### AIM OF THE TASK
Transcribe only the lines of the listing below from the one holding "Ένα φουσκωτό φουσκωτό" through the one holding "The first stop", inclusive, without any change.

### SUPPLIED MATERIAL
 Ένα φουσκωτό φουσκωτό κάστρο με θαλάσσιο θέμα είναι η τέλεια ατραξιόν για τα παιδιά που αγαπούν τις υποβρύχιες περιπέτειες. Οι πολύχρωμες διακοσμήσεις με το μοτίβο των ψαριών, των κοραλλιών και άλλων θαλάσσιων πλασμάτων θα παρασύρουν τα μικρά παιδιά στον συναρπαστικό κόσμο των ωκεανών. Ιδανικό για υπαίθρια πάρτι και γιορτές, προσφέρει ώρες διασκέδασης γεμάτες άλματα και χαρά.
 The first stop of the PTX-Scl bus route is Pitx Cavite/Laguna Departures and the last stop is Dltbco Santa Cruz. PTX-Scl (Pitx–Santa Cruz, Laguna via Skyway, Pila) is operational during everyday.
...
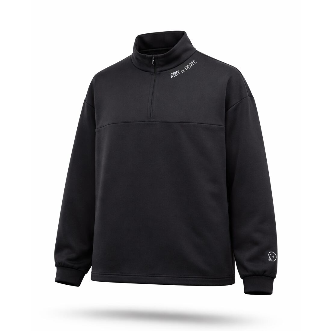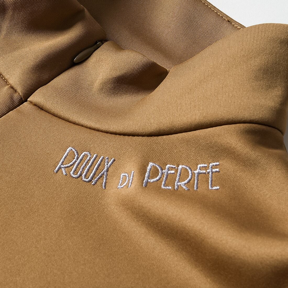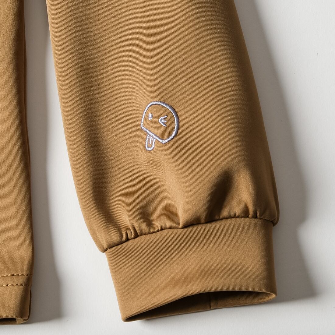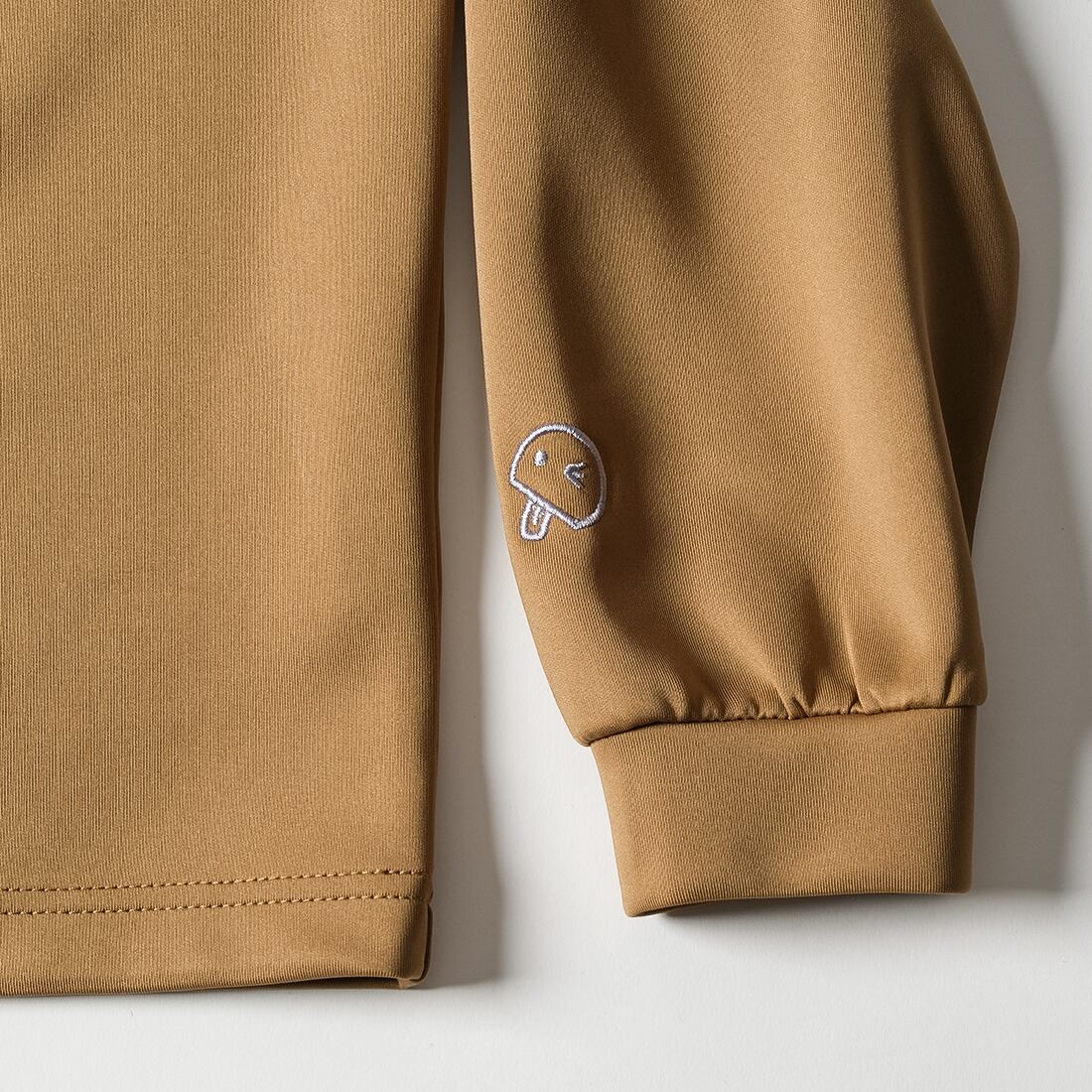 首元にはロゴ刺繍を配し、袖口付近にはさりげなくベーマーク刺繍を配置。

### RESULT
 Ένα φουσκωτό φουσκωτό κάστρο με θαλάσσιο θέμα είναι η τέλεια ατραξιόν για τα παιδιά που αγαπούν τις υποβρύχιες περιπέτειες. Οι πολύχρωμες διακοσμήσεις με το μοτίβο των ψαριών, των κοραλλιών και άλλων θαλάσσιων πλασμάτων θα παρασύρουν τα μικρά παιδιά στον συναρπαστικό κόσμο των ωκεανών. Ιδανικό για υπαίθρια πάρτι και γιορτές, προσφέρει ώρες διασκέδασης γεμάτες άλματα και χαρά.
 The first stop of the PTX-Scl bus route is Pitx Cavite/Laguna Departures and the last stop is Dltbco Santa Cruz. PTX-Scl (Pitx–Santa Cruz, Laguna via Skyway, Pila) is operational during everyday.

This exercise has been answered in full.